During germ cell migration and maturation, however, the somatic status of
imprinted genes is progressively erased
(Yamazaki et al., 2003
), and
EG cells isolated at various stages of migration retain some of these
differences, such as the reduced methylation of many imprinted genes,
including H19 and Snrpn
(Hajkova et al., 2002
). The
analysis of mouse PGCs at E10.5 suggests that methylation erasure has already
begun by this time, as supported by studies of the expression of imprinted
genes (Yamazaki et al., 2003
).
This study showed that imprinted genes, such as H19 and
Snrpn, exhibit imprinted (somatic) expression patterns in E9.5 PGCs,
but by E10.5 have switched to a bi-allelic mode of expression
(Yamazaki et al., 2003
).
Because the genes expressed in ES cells exhibit somatic imprinting patterns
(Geijsen et al., 2004
), their
change in imprinting status suggests that if ES cells are derived from germ
cells, this derivation must occur before E9.5.

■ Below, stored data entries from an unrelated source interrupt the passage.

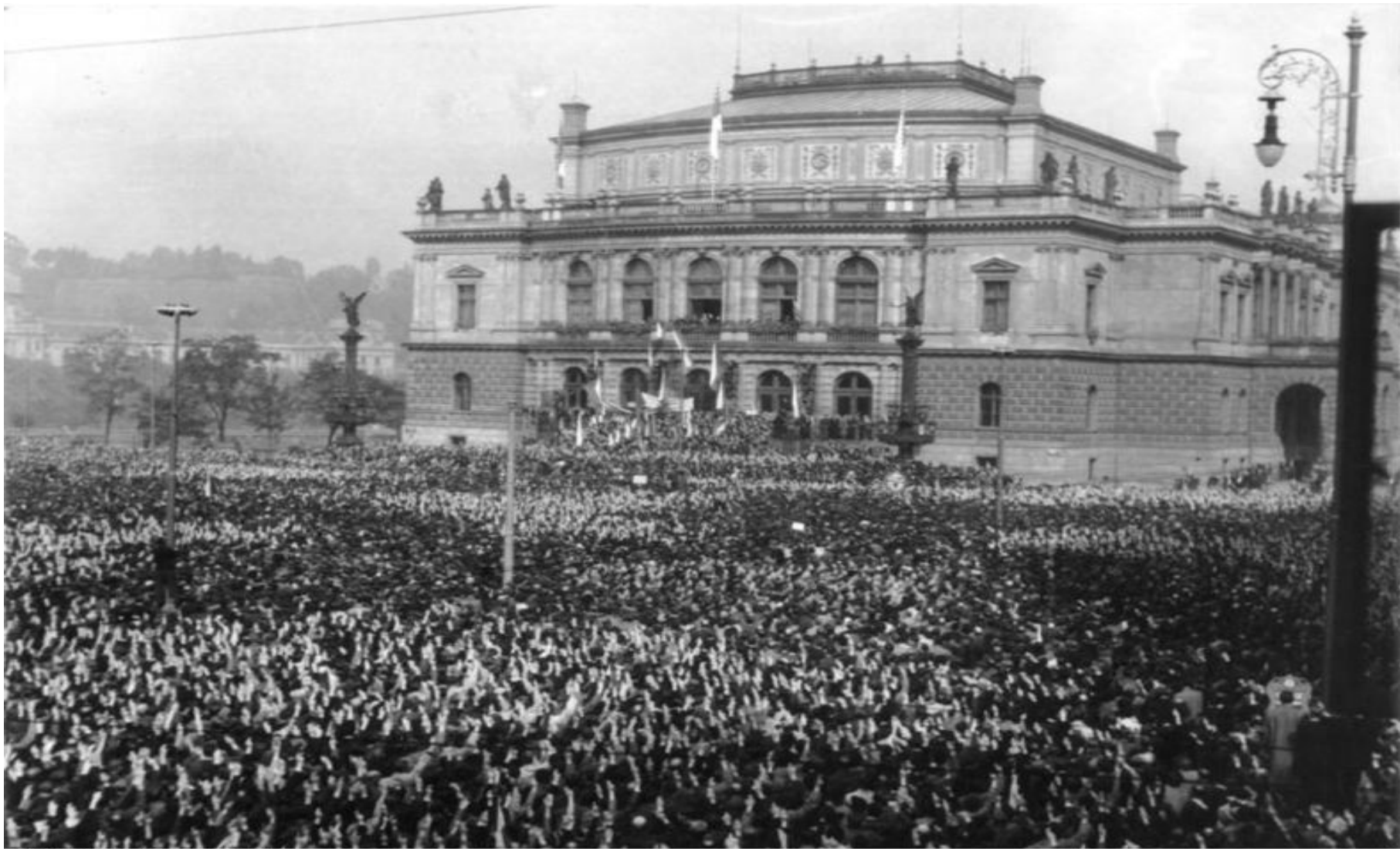
22. September 1938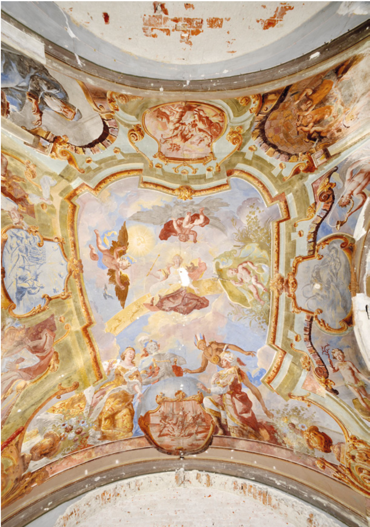
2. Varaždin, zgrada nekadašnjeg franjevačkog nemoćišta, svodna slika u prostoriji nekadašnje ljekarne

Varaždin, former Franciscan infirmary building, vault painting in the former pharmacy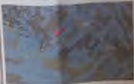
Схема розташування території у планувальній структурі м.Почаїв (випокійвання з публічної кадастрової карти)

ПРОГРАМ ГЕНЕРАЛЬНИЙ ПЛАН м. ПОЧАЇВ 1:5000 МІСЬКА РАДА ПОЧАЇВСЬКОЇ ОБЛАСТІ

There is a paucity of known molecular markers that distinguish early germ
cells from other pluripotent cells of the early embryo. One marker, Tnap, is
strongly expressed by early germ cells and by ES cells, but is weakly
expressed by the epiblast and other surrounding embryonic cells
(Chiquoine, 1954;
Ginsburg et al., 1990
). Two
new markers for early germ cells, fragilis (Ifitm3 - Mouse Genome Informatics)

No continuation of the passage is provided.